Widening out just a bit (you can still walk there in reasonable time after the music stops), you can enjoy “farm-fresh soul food” at Farmer Brown’s (Mason between Market and Turk). Favorites like fried chicken are offered alongside the Po’ Boy of the Day, vegetarian jambalaya, an unforgettable bourbon pecan pie, and many a fancy cocktail. If you want music before your Sunday matinee, a live band plays at the all-u-can-eat brunch including biscuits, pancakes, and fried chicken for $15. Sunday through Thursday they serve till 11 p.m.; on Friday and Saturday, they’ll ply you with food till the midnight hour.

Although it’s about an eight-block walk, you can find Thai food at Lers Ros (Larkin between Ellis and Olive). It’s open till midnight.

But if you really want to sit, relax, and eat without feeling like Cinderella, with an eye on the clock, you might want to broaden your horizons.

A Venture to the Mission or SOMA

A short trip to the Mission District yields many more choices. Heaven’s Dog (1148 Mission, between 7th and 8th) serves till 1 a.m. Monday through Saturday and — put your
 wallets away! — provides complimentary dim sum at 11:30 p.m. They offer a full menu, including grilled pork ribs, beef-curry clay pot, or Florida shrimp glass noodle clay pot, and (you guessed it), fun cocktails.

Somewhat farther along is Beretta (Valencia between 22nd and 23rd), serving classic Italian cuisine, including a large variety of pizzas.
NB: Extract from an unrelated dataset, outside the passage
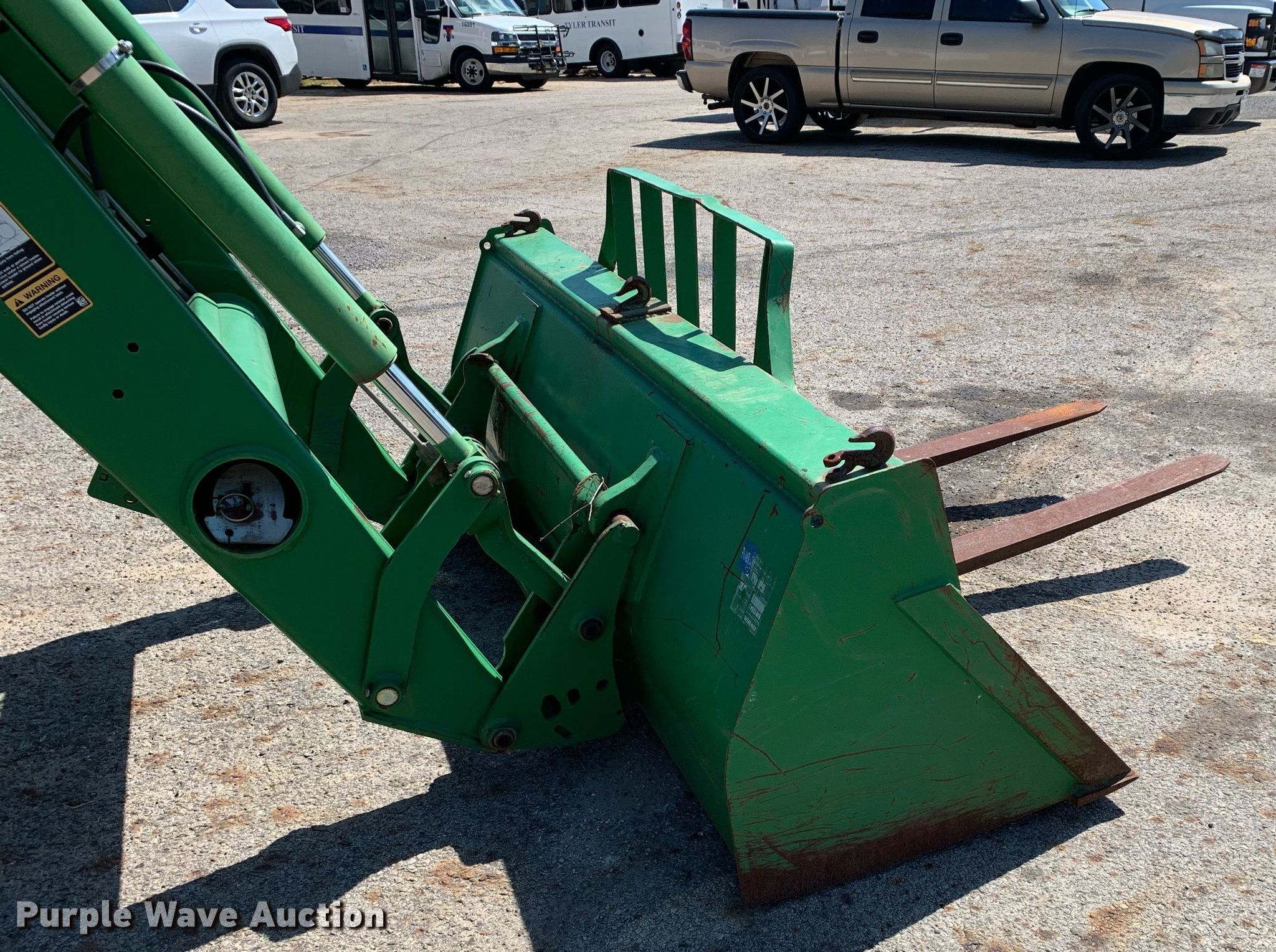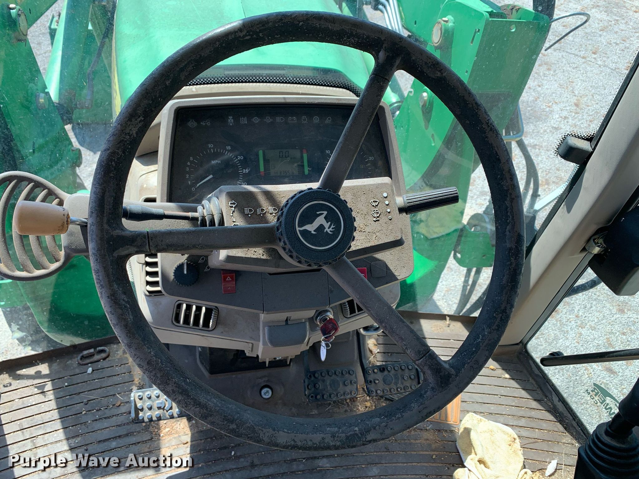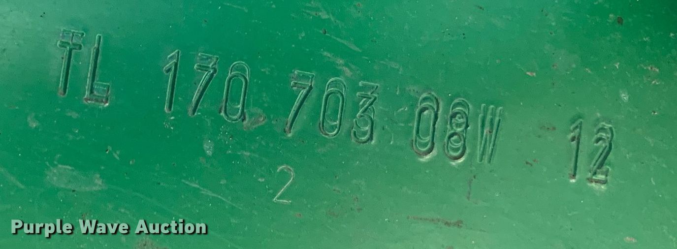 John Deere 6230 tractor. Hours: 3,756 on meter, Serial: TL17070398W12, Unit #: 12520. Engine John Deere, Cylinders: 4, Fuel type: Diesel. Transmission Synchro, 16F - 16R, Left-hand reverser, Differential lock. Operators station AC, Heat. Features PTO: 540, Hitch: Three point, Seven pin outlet, Hydraulic remote sets Rear: 2, Loader John Deere 673, Controls: Joystick, Bucket Width: 86", Forks Length: 48". Tires Front: 10.00-16, Rear: 460/85R30. City of Tyler, TX. Tyler, TX 75702
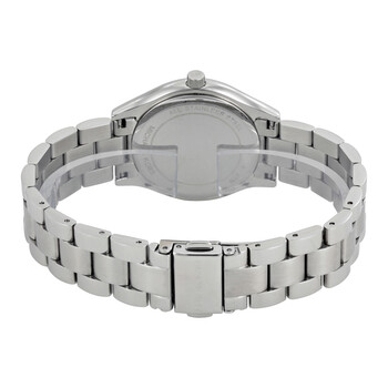 Stainless steel case with a stainless steel bracelet. Fixed rose gold-tone bezel. Silver dial with rose gold-tone hands and index hour markers. Dial Type: Analog. Quartz movement. Scratch resistant mineral crystal. Pull / push crown. Solid case back. Case size: 34 mm. Case thickness: 8 mm. Round case shape. Fold over clasp. Water resistant at 50 meters / 165 feet. Functions: hour, minute, second. Dress watch style. Michael Kors Mini Slim Runway Ladies Watch MK3514.

Their gelato is made in-house and they feature an ongoing “cocktail education series,” which offers a specialty cocktail followed by premium tasting and family-style dinner; that gives you a hint about the bar. They serve till 1 a.m. daily (or rather, nightly).

On Mission Street between 23rd and 24th, you can enjoy Mexican food at El Farolito till, well, late. Even on a Monday, they’re open till 2 a.m., with closing hours going later as the week progresses.

South of Market, you can go romantic and upscale at Oola (on Folsom), which serves till 1 a.m. At the edge of SOMA, but north of Market, and also on the pricier side, is the Globe restaurant (290 Pacific), whose salad of romaine with Pt. Reyes blue cheese and freshly shucked oysters is yours till 1 a.m.

Closer to Civic Center and offering a different ambience is the beloved old Grubstake (Pine between Van Ness and Polk). Inexpensive burgers and, if you need it, half a roast chicken are on offer, along with fries, salads, sandwiches, and desserts, all quite reasonably priced; they’re open till 4 a.m., so even a visit after a Wagner opera will qualify you as an early bird. Jumping to the Castro District after hearing the San Francisco Symphony might make a nice change of pace. Bagdad Café (Market between 16th and Noe) offers ample and less-expensive late-night fare; here you can chow down on pancakes or buffalo wings, as your heart desires, in every one of the 24 hours in the day.

You’re in San Francisco, after all, so don’t forget Chinatown’s hub, Yuet Lee (Stockton at Broadway), which serves till 2 a.m. or so.

And last but not least, if sushi is your thing, you can head over to Union Square for a bite at Ryoko’s Japanese Restaurant and Bar (619 Taylor). The chefs take their last orders at 1:30 a.m. and the place shutters up at 2 a.m.

For every restaurant listed here, there are a few dozen more for you to seek out on your own. You never know which, if any, will be part of a memorable night. But that’s what’s great about an evening of music or theater or dance, followed by good comestibles: However much you’ve heard about the show, or the food and spirits, and however much it’s someone else’s cup of tea (or absinthe cocktail), you really never know what’s going to happen till you take your seat and partake of the sensory delights.